Task statement: Copy out the listing that follows exactly, dropping every picture.

Supplied data:
====

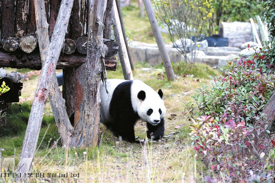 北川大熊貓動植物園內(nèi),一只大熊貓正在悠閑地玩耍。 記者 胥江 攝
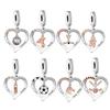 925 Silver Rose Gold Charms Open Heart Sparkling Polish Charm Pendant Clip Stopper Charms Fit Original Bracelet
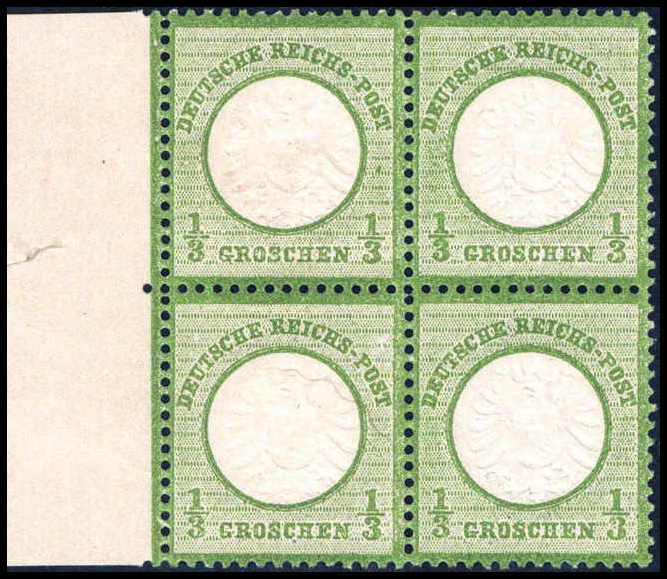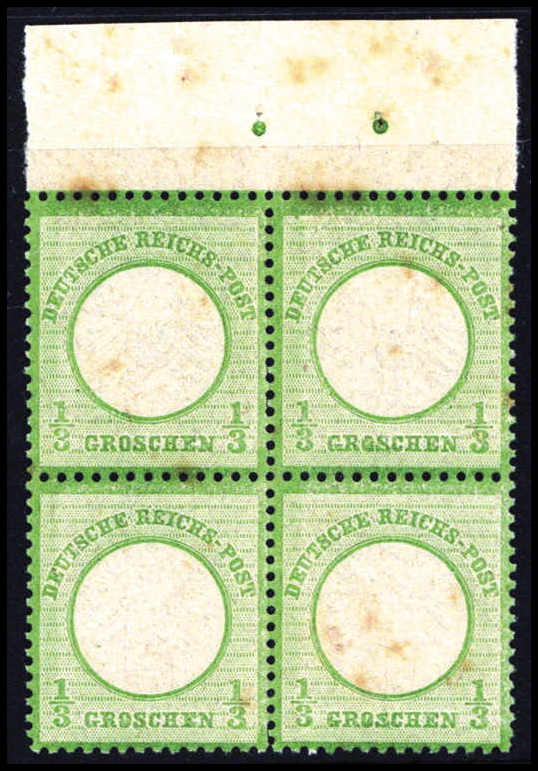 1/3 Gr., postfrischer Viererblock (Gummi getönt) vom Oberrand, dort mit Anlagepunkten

====

Written response:
 北川大熊貓動植物園內(nèi),一只大熊貓正在悠閑地玩耍。 記者 胥江 攝
 925 Silver Rose Gold Charms Open Heart Sparkling Polish Charm Pendant Clip Stopper Charms Fit Original Bracelet
 1/3 Gr., postfrischer Viererblock (Gummi getönt) vom Oberrand, dort mit Anlagepunkten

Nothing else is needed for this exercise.